>>

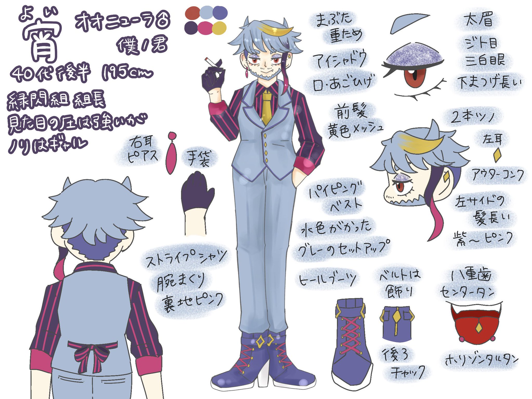 細身だが上背があり、対面すると圧が強い。その風体と立場から近寄り難く見えて、実際のところは柔和でノリがギャル。常に笑みを浮かべているのは、無駄に敵を作らないように。天然ではなく打算でキャラを作っているが、本来の気質も穏やかなもので、人当たりの良さは宵元々のもの。
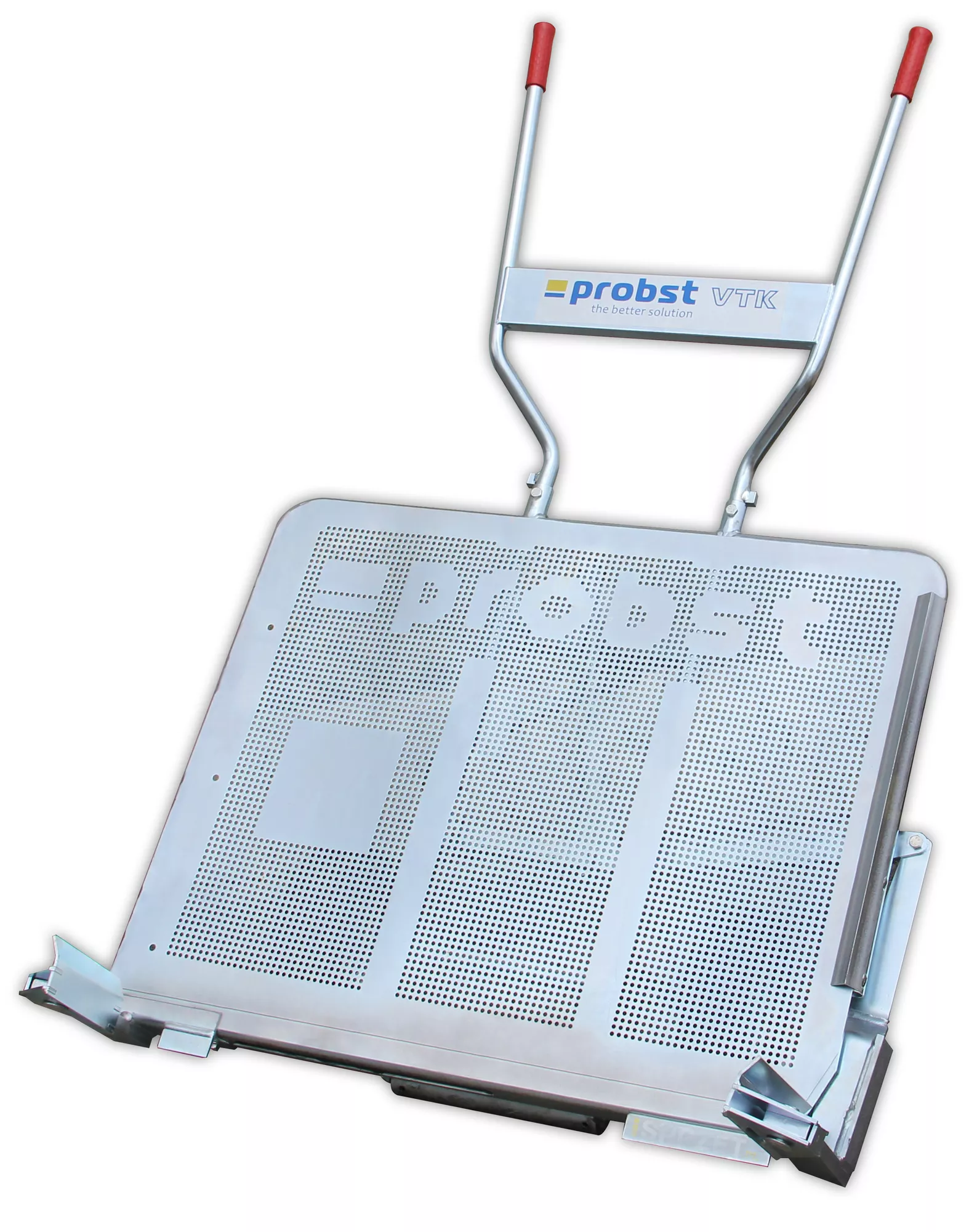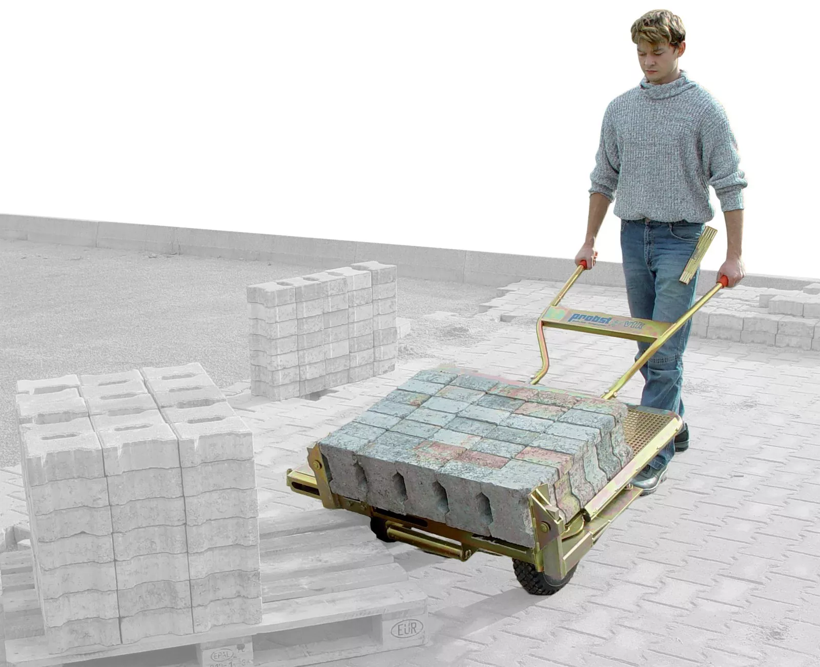 Ręczny transport kostki może być wyjątkowo szybki i łatwy dzięki regulowanemu wózkowi brukarskiemu VTK-V marki Probst z kołem wspomagającym VTK-V-SR/N, przeznaczonemu do przewożenia całych warstw kostki z palety w miejsce pracy. Transport kostki zajmuje prawie 70% czasu pracy. W porównaniu do tradycyjnego przenoszenia kostki ręcznie lub taczkami, zakup wózka VTK-V zwraca się wyjątkowo szybko. Wózki brukarskie VTK-V łączą w sobie wiele innowacji znacznie usprawniających pracę. Praca może zostać wykonana szybciej, prościej i wydajniej. Zarówno pracownik jak i przewożone materiały są całkowicie bezpieczne. Wózek może zostać wyposażony w trzecie, kółko podporowe, co pozwala dodatkowo odciążyć osobę pchającą wózek. Dowiedziono, iż zastosowanie wózka VTK-V znacząco redukuje obciążenie fizyczne pracownika i usprawnia cały proces układania kostki brukowej. Zamontowanie dodatkowej, szerokiej półki umożliwia przewożenie niewielkich maszyn i narzędzi.
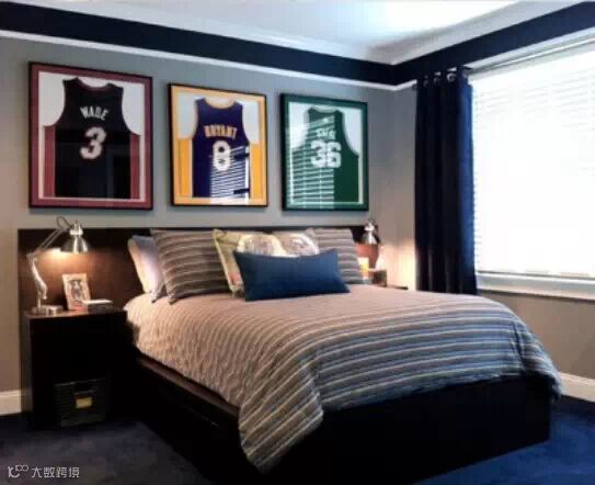 床头三幅挂画都是篮球服,透露出男孩子气概。所以,给你家的男孩设计房间时,运用一些与运动相关的元素。不过,前提是他喜欢的运动。
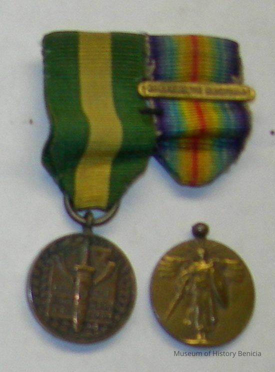 left one: green ribbon w/yellow stripe in middle; medal front: "for Service on the Mexican Border" and back: Eagle w/arrows, crossed rifles and crossed cannons
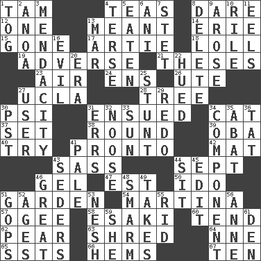ACROSS 1. Scottish cap 4. Beverages made from leaves 8. Have the gumption 12. Single 13. Intended 14. One of the Great Lakes 15. Went 17. Nick name for Arthur 18. Hang loosely or laxly 19. Contrary to your interests or welfare 21. College papers 23. Atmosphere 24. Followers of ems 26. Shoshoni 27. Southern CA. univ. 28. Family _ (genealogy) 30. Air pressure measure (abbr.) 31. Followed as a consequence or result 34. Feline 37. Arrange properly for use 38. Unit of ammunition 39. Chief or king in Benin or Nigeria 40. Attempt 41. Right away 42. Floor covering 43. Backtalk 44. Back-to-school mo. 46. Set 47. Eastern Standard Time (abbr.) 50. Wedding promise 51. Place where plants grow 54. Chrissie's court nemesis 57. Double curve, resembling the letter S 58. 1973 Nobel Price Winner (Physics) Leo 60. Watch over 62. Lightbulb-shaped fruit 63. Fragment 64. Compass dir. 65. Fast planes 66. Folds over and sews together 67. "___ Little Indians" DOWN 1. Coat; cloak 2. Small Philippine buffalo 3. Ananias' fault 4. Laconic 5. Eroded 6. Black tropical American cuckoo 7. Proofreading order 8. Keyboard key 9. Came up 10. Cause heat under the collar 11. Snakelike fish 13. Third mo. 16. Morally bad or wrong 20. Period 22. Became colored 25. Difficult or unusual or dangerous feat 27. One who uses or employs something 29. Do over again 30. Pacific Standard Time (abbr.) 31. Blunders 32. Trap for birds or small mammals 33. Player for Phoenix 34. Piece 35. Blind as ____ 36. Make lace 41. Light colored 43. Spring feasts 44. Be seated 45. Prepare for publication 46. Relatively large 48. Excessive but superficial compliments 49. Receives possession of 51. Republicans 52. Eras 53. Tender 55. To free from 56. Queen of England 1702-14 59. A female animal or person 61. Lair

<<

Beginning with the first line of the material above, please output each line exactly through the line that contains "left one: green", and only those, leaving out pictures.

 細身だが上背があり、対面すると圧が強い。その風体と立場から近寄り難く見えて、実際のところは柔和でノリがギャル。常に笑みを浮かべているのは、無駄に敵を作らないように。天然ではなく打算でキャラを作っているが、本来の気質も穏やかなもので、人当たりの良さは宵元々のもの。
 Ręczny transport kostki może być wyjątkowo szybki i łatwy dzięki regulowanemu wózkowi brukarskiemu VTK-V marki Probst z kołem wspomagającym VTK-V-SR/N, przeznaczonemu do przewożenia całych warstw kostki z palety w miejsce pracy. Transport kostki zajmuje prawie 70% czasu pracy. W porównaniu do tradycyjnego przenoszenia kostki ręcznie lub taczkami, zakup wózka VTK-V zwraca się wyjątkowo szybko. Wózki brukarskie VTK-V łączą w sobie wiele innowacji znacznie usprawniających pracę. Praca może zostać wykonana szybciej, prościej i wydajniej. Zarówno pracownik jak i przewożone materiały są całkowicie bezpieczne. Wózek może zostać wyposażony w trzecie, kółko podporowe, co pozwala dodatkowo odciążyć osobę pchającą wózek. Dowiedziono, iż zastosowanie wózka VTK-V znacząco redukuje obciążenie fizyczne pracownika i usprawnia cały proces układania kostki brukowej. Zamontowanie dodatkowej, szerokiej półki umożliwia przewożenie niewielkich maszyn i narzędzi.
 床头三幅挂画都是篮球服,透露出男孩子气概。所以,给你家的男孩设计房间时,运用一些与运动相关的元素。不过,前提是他喜欢的运动。
 left one: green ribbon w/yellow stripe in middle; medal front: "for Service on the Mexican Border" and back: Eagle w/arrows, crossed rifles and crossed cannons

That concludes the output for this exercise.